» Material to process
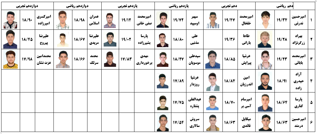 دانش آموزان برتر درسی نوبت اول پایه های دهم تا دوازدهم
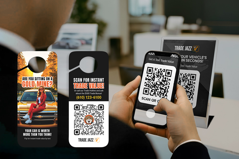 Add signage throughout your dealership including sales and services areas. Add mirror hangers to vehicle inventory or serviced vehicles.
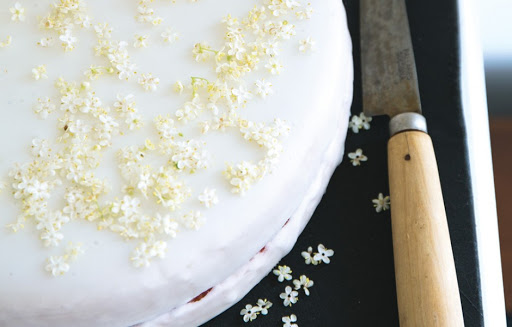 Place cake on a wire rack set inside a rimmed baking sheet and pour icing over cake. Spread with an offset spatula to smooth top and cover sides. Let stand at room temperature until set, at least 30 minutes. Decorate with elderflowers, if using, just before serving.
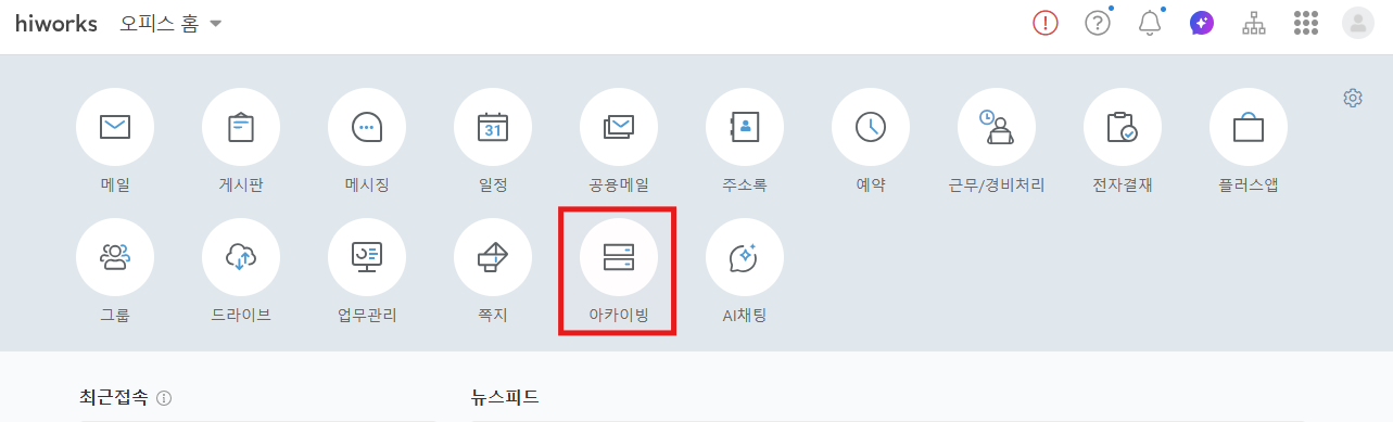 - 아카이빙 관리자로 등록된 사용자는 오피스홈에 '아카이빙' 아이콘이 노출되며, 아이콘 클릭 시 아카이빙 페이지로 이동합니다.
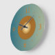 A simplistic round clock in sea green. At the centre is a circle design in light tan ,bronze and lemon . Numerals to match . Available in round and square shapes.Customise to change numerals colours if wished.
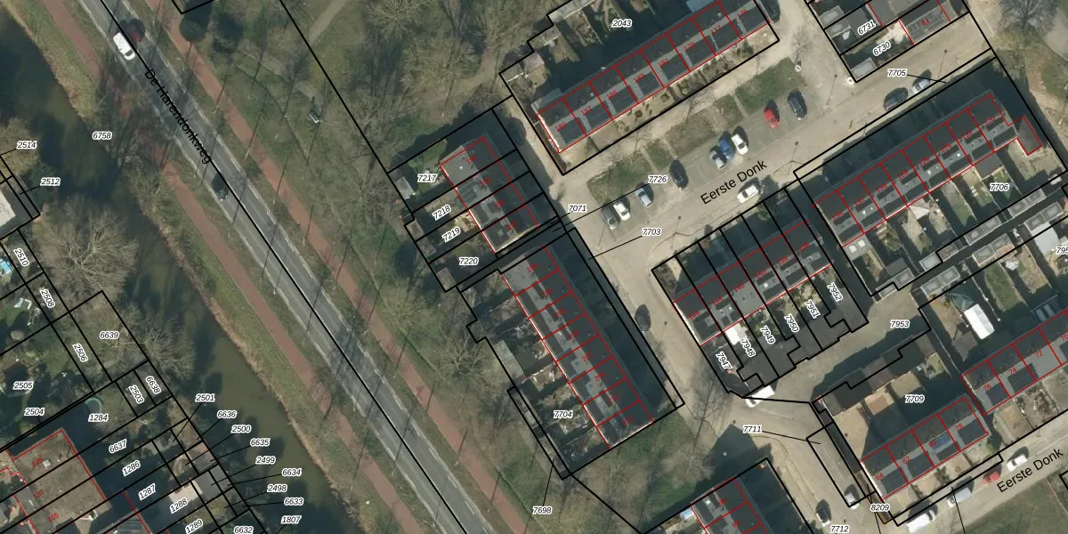 Het perceel waarop Eerste Donk 199 staat heeft een oppervlakte van 916 m². Dit is een groot perceel. De perceeloppervlakte wordt geregistreerd door het Kadaster. Gedetailleerde informatie over de maten van dit perceel kunt u vinden in het rapport Kadastrale kaart met maatvoering van Eerste Donk 199.
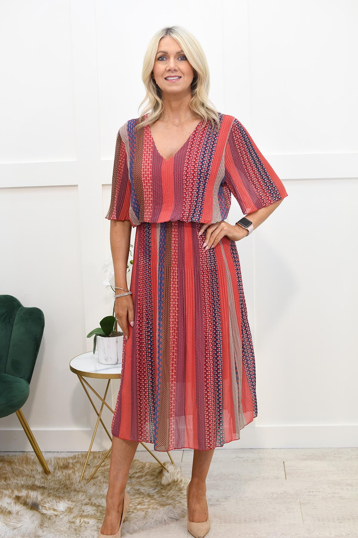 Kyla Burnt Orange, Plum & Blue Mixed Print Plisse Dress Description
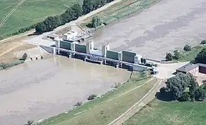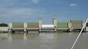 Il n'y a pas d'écluses sur la Leda, mais seulement un barrage mobile avec un pertuis pour le passage des navires. Ce barrage a été construit entre 1950 et 1954 comme ouvrage de protection contre les crues, et est entré en service en . Il comporte 5 vannes levantes de 14 m de largeur par 10,50 m de hauteur. Le pertuis de navigation occupe la partie centrale. Dès le mois de , ce barrage permit de réguler le niveau des eaux en amont en prévenant les effets d'une marée exceptionnelle.
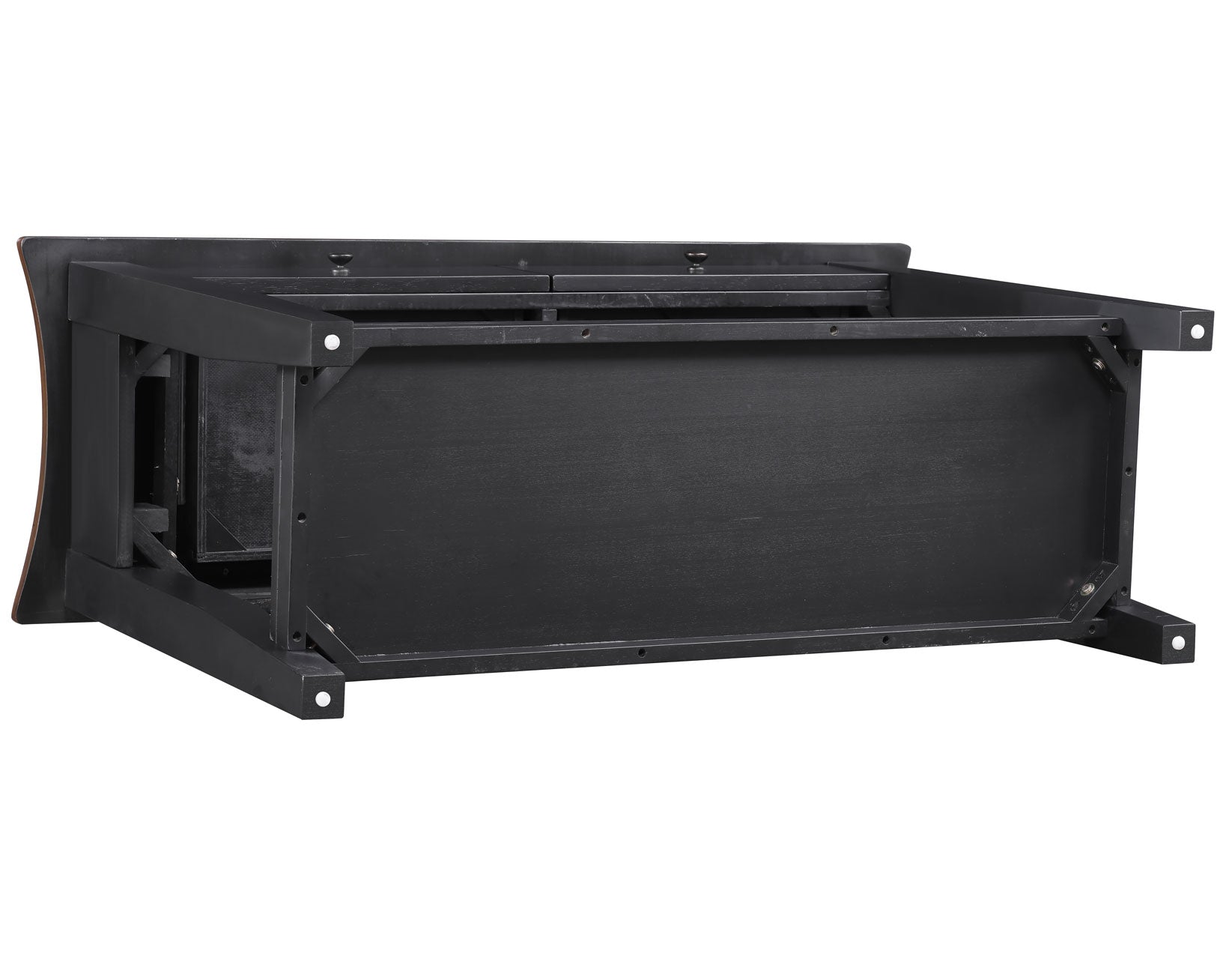 The Joplin Sofa Table blends modern function with classic design for a versatile accent piece. Featuring a rich walnut veneer top and bold ebony-finished solid wood legs, it offers striking contrast and timeless appeal. Subtle concave edges at each end add sculptural interest, while two smooth-gliding drawers provide convenient storage for everyday essentials. A lower shelf offers additional space for display or organization. Perfect behind a sofa, in an entryway, or as a compact entertainment center, Joplin brings style and smart utility to any living space.
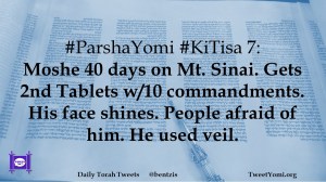 #ParshaYomi #KiTisa 7: Moshe 40 days on Mt. Sinai. Gets 2nd Tablets w/10 commandments. His face shines. People afraid of him. He used veil.
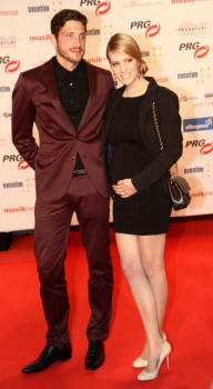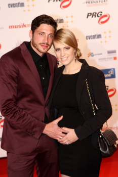 14.04.2015, Frankfurt, Festhalle PRG Live Entertainment Award 2015 (LEA) VIP auf dem Roten Teppich, red Carpet Fussballspieler Tim Kister (SV Sandhausen) mit seiner schwangeren Frau Topmodell Yvonne Schr?der-Kister ****** Foto: A2/Hartenfelser
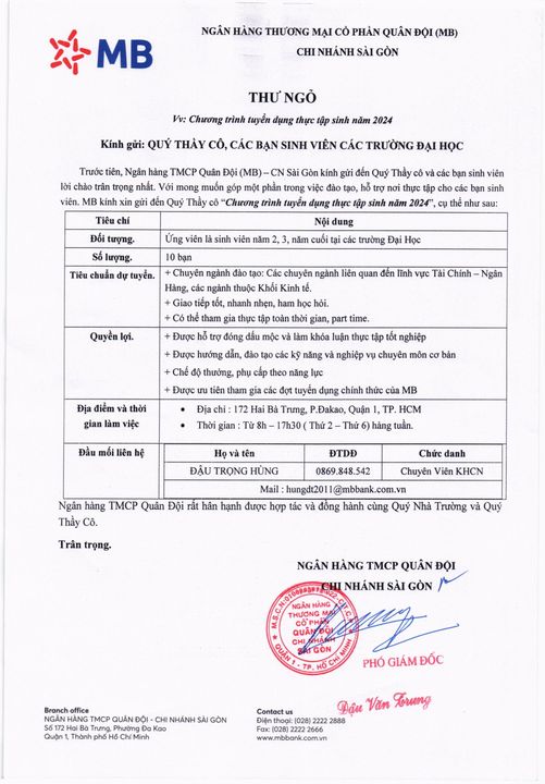 Thông tin Tuyển dụng thực tập sinh 2024 tại Ngân hàng TMCP Quân đội-CN Sài Gòn Chương trình thực tập sinh 2024 tại Ngân hàng TMCP Quân đội-CN Sài Gòn

» Exercise prompt
Though the entries above contain pictures, none should be copied; reproduce only the lines between the one holding "The Joplin Sofa" and the one holding "#ParshaYomi #KiTisa 7: Moshe", inclusive, exactly as written.

» Response to the exercise
 The Joplin Sofa Table blends modern function with classic design for a versatile accent piece. Featuring a rich walnut veneer top and bold ebony-finished solid wood legs, it offers striking contrast and timeless appeal. Subtle concave edges at each end add sculptural interest, while two smooth-gliding drawers provide convenient storage for everyday essentials. A lower shelf offers additional space for display or organization. Perfect behind a sofa, in an entryway, or as a compact entertainment center, Joplin brings style and smart utility to any living space.
 #ParshaYomi #KiTisa 7: Moshe 40 days on Mt. Sinai. Gets 2nd Tablets w/10 commandments. His face shines. People afraid of him. He used veil.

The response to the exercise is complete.